AWX fails to deploy on OpenShift when using project persistence
ISSUE TYPE
- Bug Report
SUMMARY
When setting spec.projects_persistence: true the operator fails to deploy AWX on OpenShift.
ENVIRONMENT
- AWX version: 19.4.0
- Operator version: 0.14.0
- Kubernetes version: 1.21
- AWX install method: OKD 4.8
STEPS TO REPRODUCE
- Install AWX Operator on OpenShift
- Apply configuration using
spec.projects_persistence: true
EXPECTED RESULTS
AWX deploys and is available.
ACTUAL RESULTS
AWX fails to deploy. The ReplicaSet gives the following error message: "Error creating: pods "awx-65c446586f-" is forbidden: unable to validate against any security context constraint: [provider "anyuid": Forbidden: not usable by user or serviceaccount, provider restricted: .spec.securityContext.fsGroup: Invalid value: []int64{1000}: 1000 is not an allowed group, provider "nonroot": Forbidden: not usable by user or servic eaccount, provider "hostmount-anyuid": Forbidden: not usable by user or serviceaccount, provider "machine-api-termination-handler": Forbidden: not usable by user or serviceaccount, provider "hostnetwork": Forbidden: not usable by user or serviceaccount, provider "hostaccess": Forbidden: not usable by user or serviceaccount, provider "node-exporter": Forbidden: not usable by user or serviceaccount, provider "privileged": Forbidden: not usable by user or serviceaccount]"
ADDITIONAL INFORMATION
awx-config.yaml (with minor redactions):
apiVersion: awx.ansible.com/v1beta1
kind: AWX
metadata:
name: awx
namespace: awx
spec:
service_type: nodeport
ingress_type: route
hostname: awx.apps.dev.example.com
postgres_image: bitnami/postgresql
redis_image: bitnami/redis
postgres_storage_class: ovirt-csi-sc
ldap_cacert_secret: idm-ca
bundle_cacert_secret: idm-ca
projects_persistence: true
projects_storage_class: ovirt-csi-sc-hdd
---
apiVersion: v1
kind: Secret
metadata:
name: idm-ca
namespace: awx
data:
bundle-ca.crt: |
[redacted]
ldap-ca.crt: |
[redacted]
AWX-OPERATOR LOGS
None at the moment, can provide later if required.
We think this is the problem line https://github.com/ansible/awx-operator/blob/d1d6785b7dc704fe6e0093eef680d4a849b20f90/roles/installer/templates/deployment.yaml.j2#L316 but don't know what we need to do to resolve it.

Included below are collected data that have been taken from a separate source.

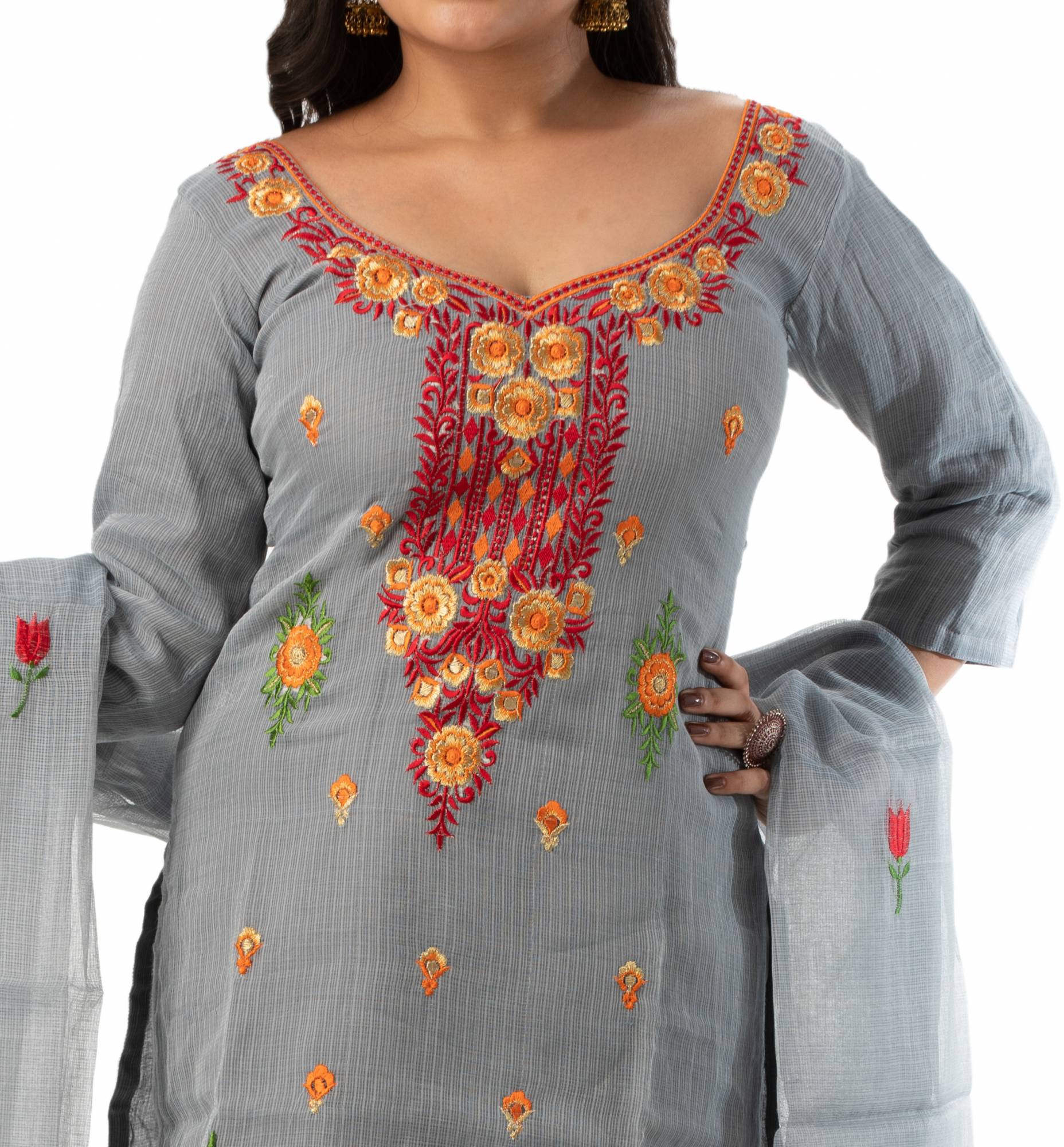 Madhulika brings to you this dress material which is made from Kota Doria and. This fabric has been designed keeping in mind the latest trends in an ethnic and casual fashion. The fabric combines ethnic with the fashion of today and makes you stand out among others when you adorn it.
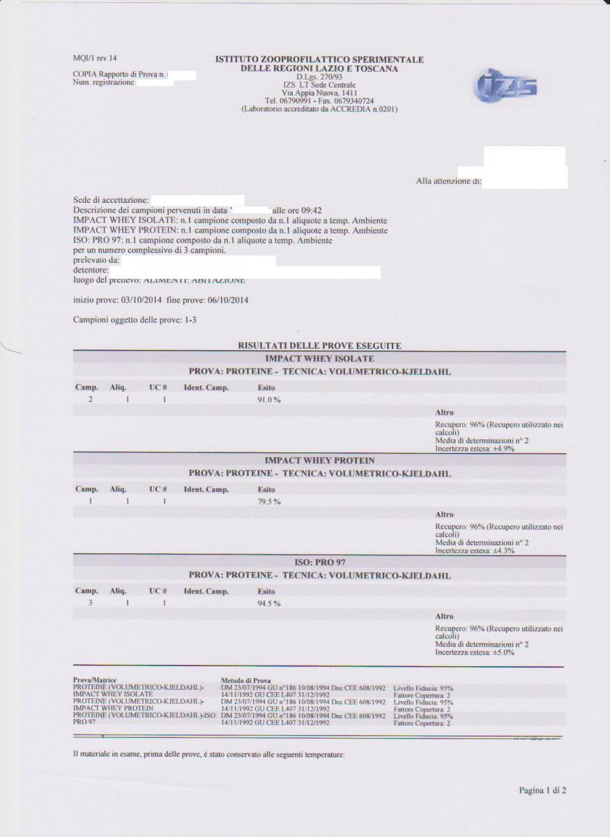 Originariamente Scritto da Ramificato Grazie Orepex, mi sembra un'analisi abbastanza seria. Non l'avevo proprio trovata Istituto zooprofilattico Lazio e Toscana A breve usciranno per tutti i marchi, sia da questo ente che da un laboratorio di analisi di un' università italiana ( non ricordo quale )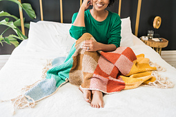 When one color won’t do, use all of them! The Checked Out Blanket makes the most of your perfectly hand-picked palette by letting each color shine. Build your blanket by connecting join-as-you-go Tunisian crochet panels in the iconic honeycomb stitch pattern. Each added panel gets you closer to cozy bliss. Add playful twisted tassels in a contrasting color for the perfect finish.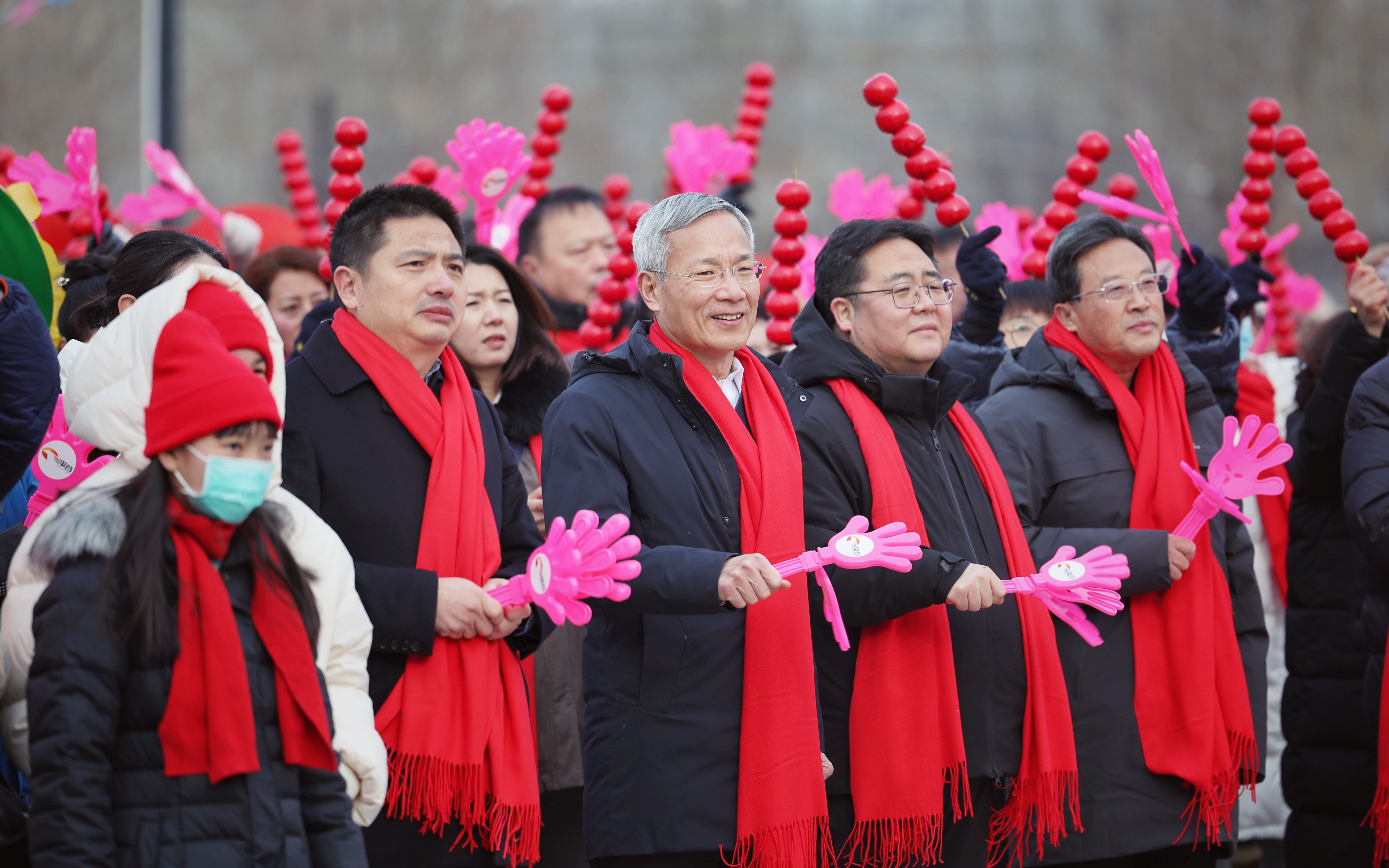 平谷区委书记唐海龙(中)带领区四套班子领导观看演出,并向全区父老乡亲拜年。新京报记者 薛珺 摄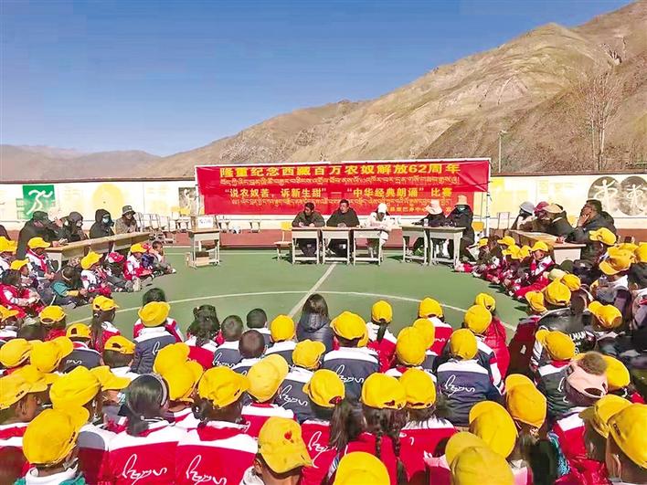 為紀念西藏百萬農奴解放62周年,仁布縣查巴鄉小學開展“說農奴苦,訴新生甜”中華經典朗誦比賽。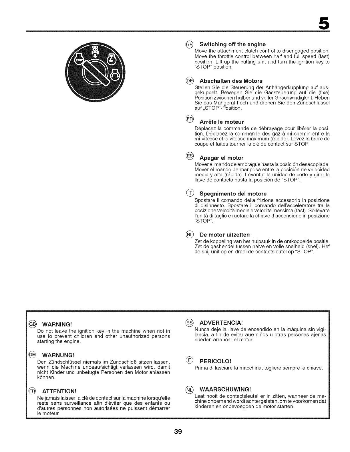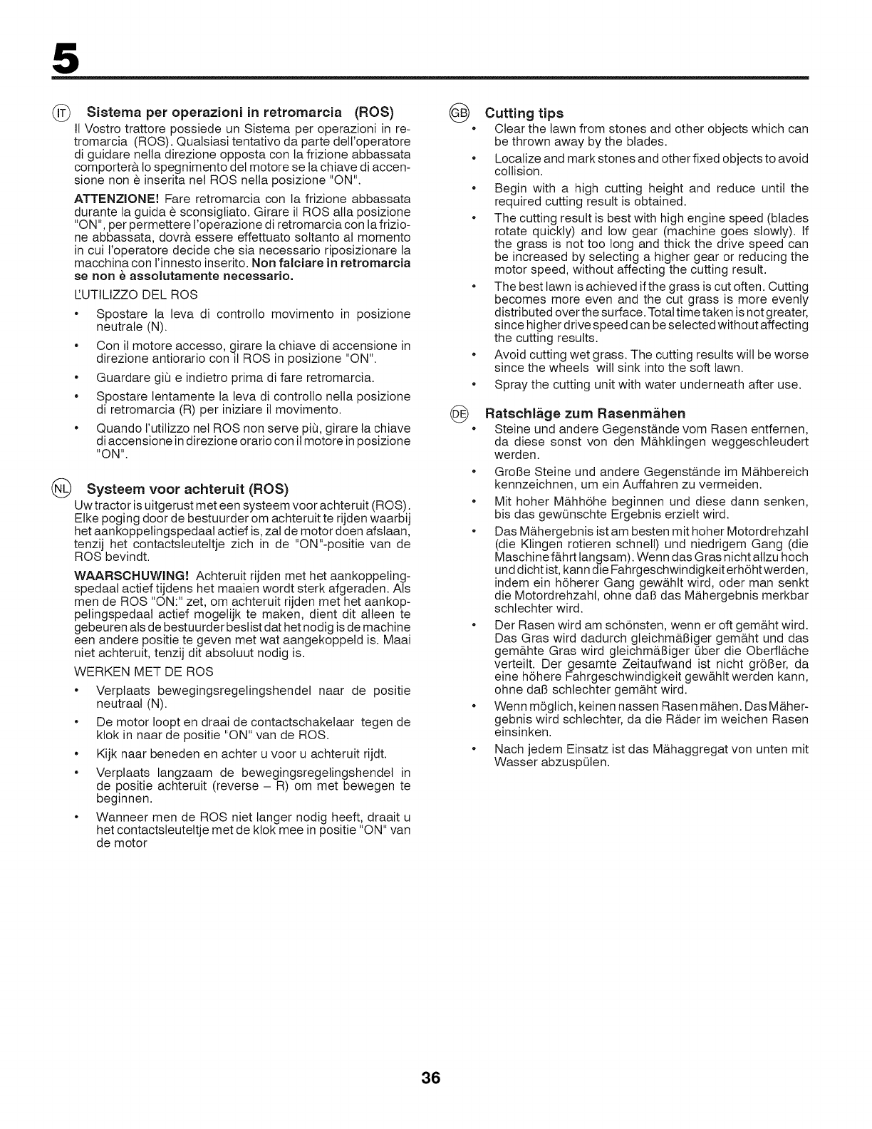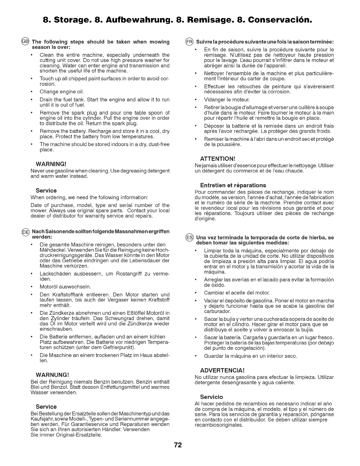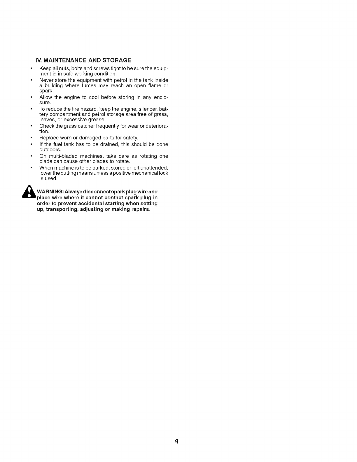 • Tenere il tagtiaerba al chiuso in locale asciutto.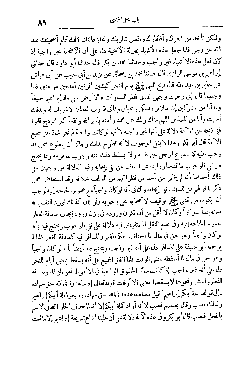 قَوْله تَعَالَى وَجاهِدُوا فِي اللَّهِ حَقَّ جِهادِهِ- إلى قوله- مِلَّةَ أَبِيكُمْ إِبْراهِيمَ قِيلَ مَعْنَاهُ جَاهِدُوا فِي اللَّهِ حَقَّ جِهَادِهِ واتبعوا ملة أبيكم إبراهيم ولذلك نصب وقال بَعْضُهُمْ نُصِبَ لِأَنَّهُ أَرَادَ كَمِلَّةِ أَبِيكُمْ إلَّا أَنَّهُ لَمَّا حُذِفَ الْجَارُّ اتَّصَلَ الِاسْمُ بِالْفِعْلِ فَنُصِبَ قَالَ أَبُو بَكْرٍ وَفِي هَذِهِ الْآيَةِ دَلَالَةٌ عَلَى أَنَّ عَلَيْنَا اتِّبَاعَ شَرِيعَةِ إبْرَاهِيمَ إلَّا مَا ثَبَتَ

You need to define scc for the application.
@mrcetinel As I understand it, OpenShift will create a group and user when necessary. Is there a reason the fsGroup needs to be 1000? There's more than one case I've encountered where simply removing that line fixes the issue. I did try giving both the default and awx users privileged SCC roles but that didn't help either.
As far as what can be done to fix it, would adding a 'is-openshift" flag to the config be appropriate to disable this? Or possibly a securityGroup override?
@gjsmo The one of the easiest way to define scc anyiud for default service account. The privileged scc will not help you. Also it is not possible to define custom service account this is why we need to define anyuid scc to default service account.
I think that will solve your problem.
But if you will set persistence to true and use NFS you will hit this issue. #532 I opened this issue but there is not any solution provided until now. So we are not using persistent volume anymore.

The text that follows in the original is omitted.